I am ungrateful to my wealthy family for these gifts. Especially to my father who promised me a computer, his old computer, but he changed his mind and gave me a little bit of money instead, because he decided he needed two computers to keep pornography on.

Some people find it frightening that I could dislike people who are connected to me by biological similarity. I’d like to know if they expect me to love the %5 of the population with the same genetic blood disorder I have. They’re all related to me by blood, and have something to prove it. I’d like to know if they really understand what love is, what love and friendship mean, and that those things are idealistic things which people like to pretend exist because it makes their world that much more comfortable.

Don’t misunderstand, I don’t hate everyone. There are only three people I do hate. I also don’t feel indifferent to all people. I appreciate some people, and grow attached to them. I enjoy the company of some people, and there is one person for whom I would sacrifice all, including my life. However, it’s not friendship, nor love. It’s the feeling of familiarity, the feeling of security, and between myself and some people, a sense of duty. Those things which people mislabel as friendship and love, and then attach ideals to, and create fantastical notions of what’s really happening.

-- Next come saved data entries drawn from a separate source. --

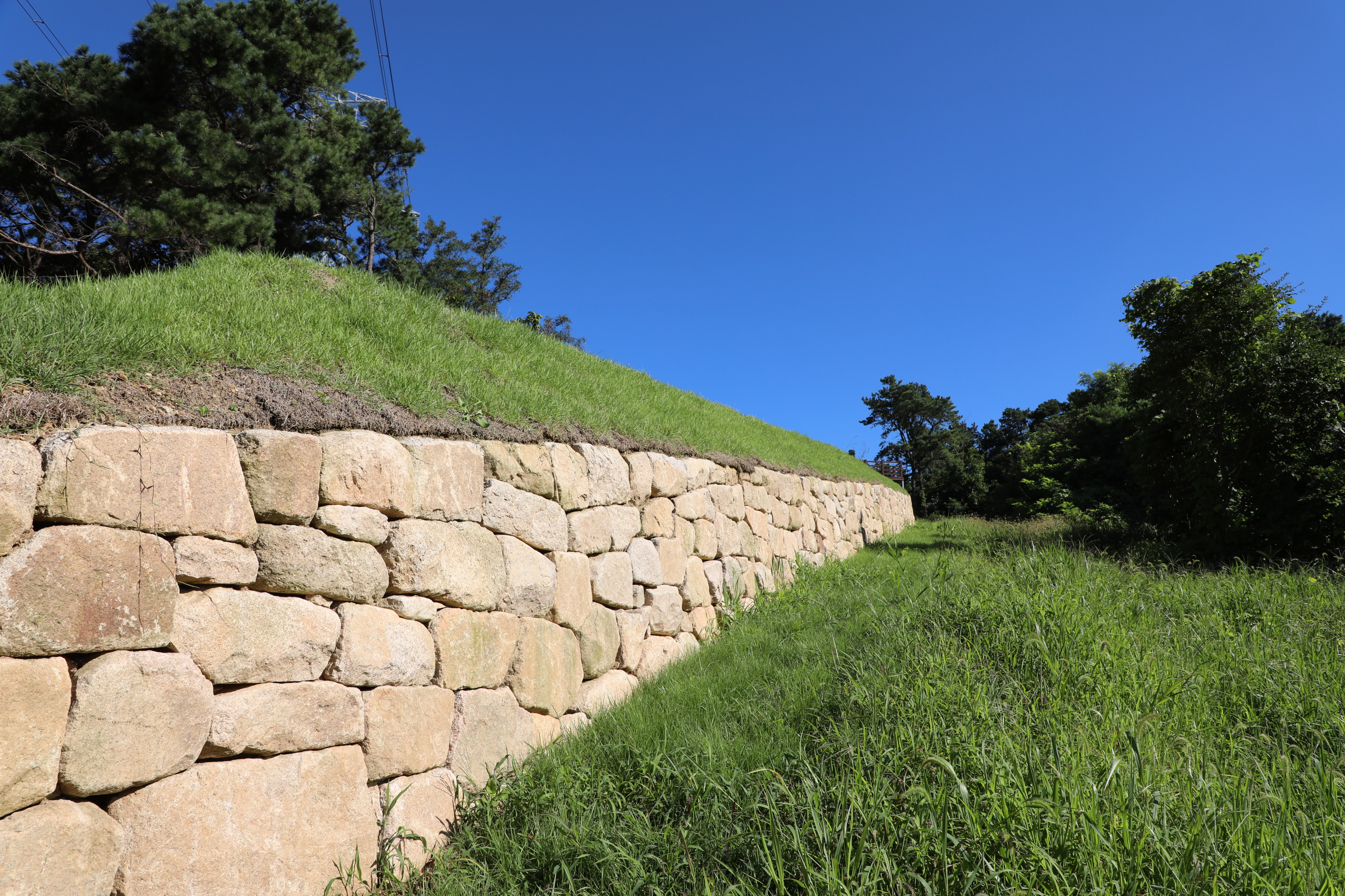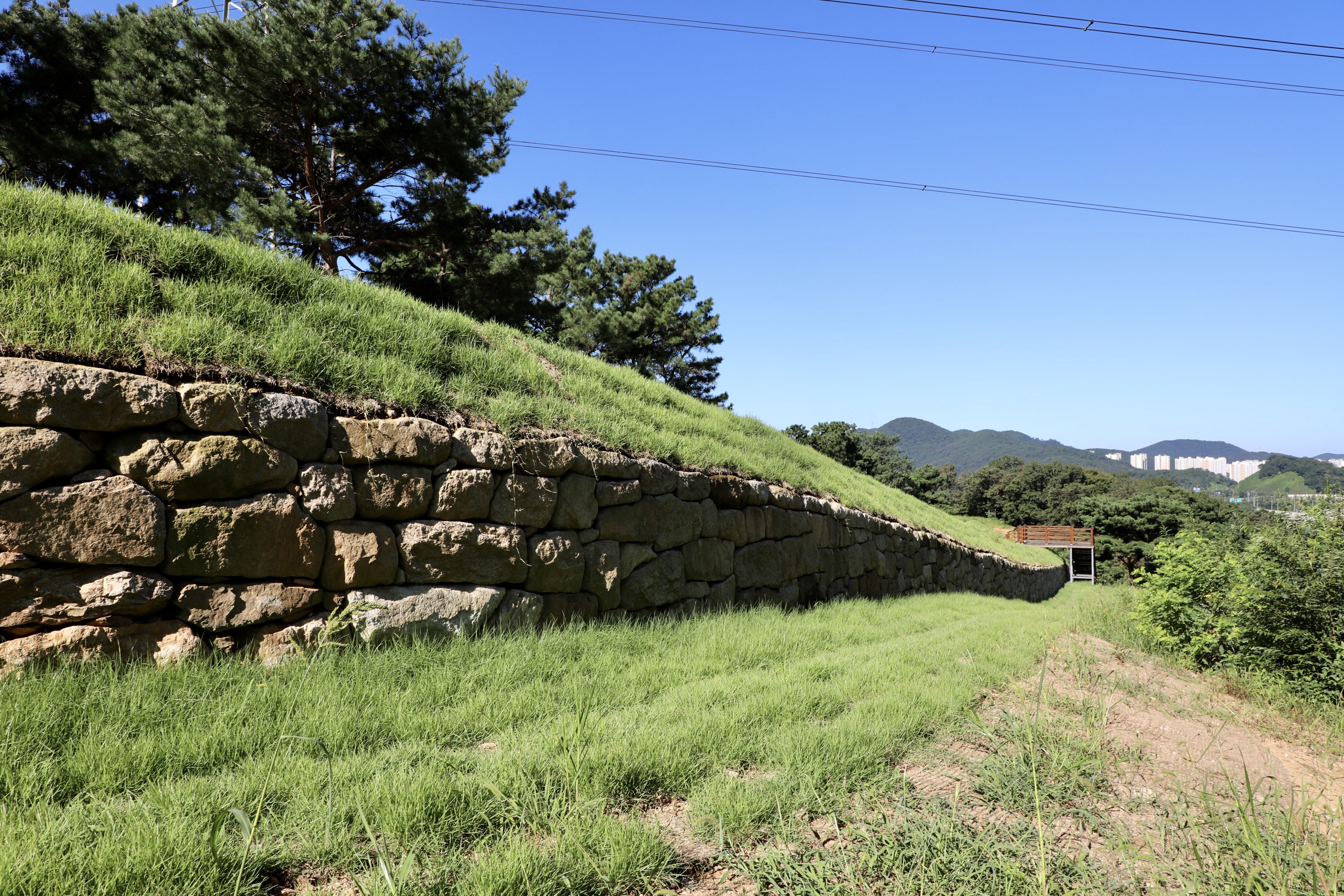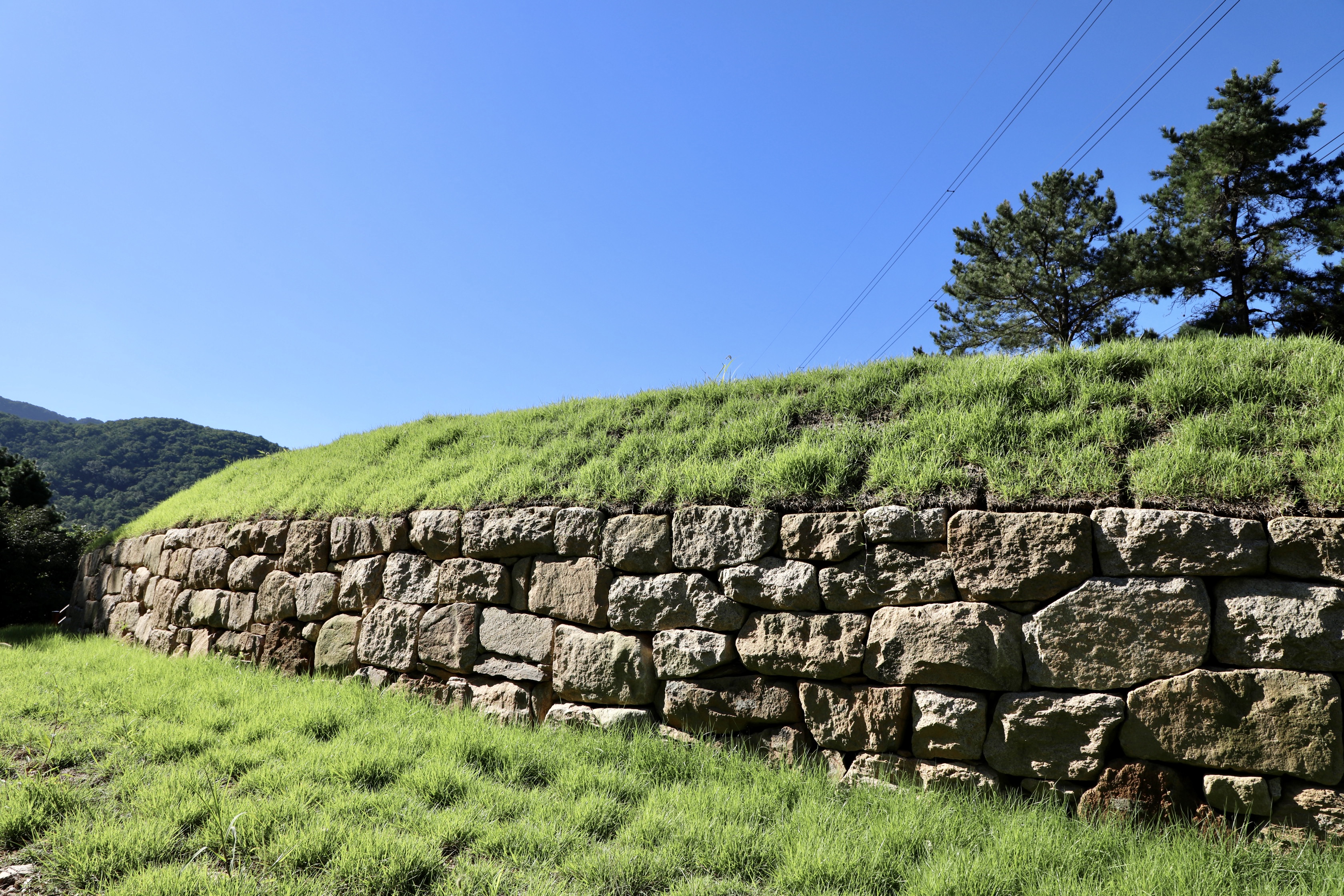 성을 쌓고 때를 한 장씩 얹은 것으로 그 사이사이에 지난 장마 때 빗물이 흐르며 몇몇 군데는 깊게 파인 곳이 있다.
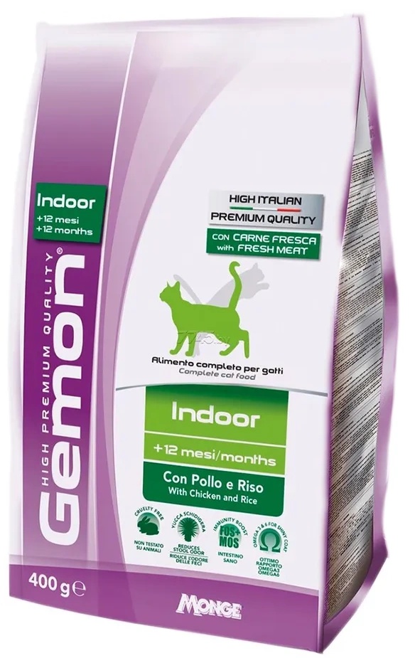 GEMON DRY CAT INDOOR with Chicken and Rice – п олноценный корм с курицей для взрослых кошек в возрасте от 1 года, живущих преимущественно в помещении. Оптимальное соотношение между омега-3 и омега-6 обеспечивает эффективную поддержку в борьбе с аллергическими реакциями. Также обогащен юккой шидигерой, которая помогает уменьшить запах фекалий.
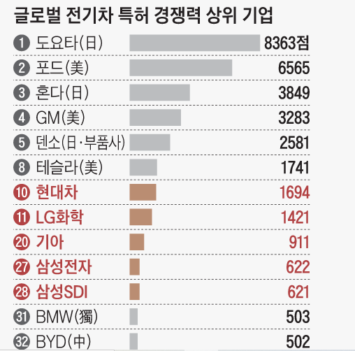 EV競争力…特許1位はトヨタ、現代自動車10位と起亜自動車は20位‥‥終わってしまう!

Perhaps this is all because I lack the belief in the ‘family unit’. The family unit is one of many things which causes mental and in some cases physical harm to young people. The family unit is The major cause of psychological problems. Stupid parents hurt the children without thought. Stupid parents train their children to become liars and thieves without even knowing it. Stupid parents create stupid children. Stupid children with false ideals who like to pretend that the world isn’t that bad, so they can be lazy and do nothing much to help, or pretend they’re helping so they can feel a sense of validation. Stupid children who become stupid adults and thus stupid parents in a society which lacks everything.

Love and friendship are false. Your god does not exist. Society is wrong. Parents cause criminal behaviour in children. You are wrong. Your ideals are wrong. Your morals are wrong. You are supporting corruption, discouraging honesty, and all but putting nuclear warheads in the hands of babies.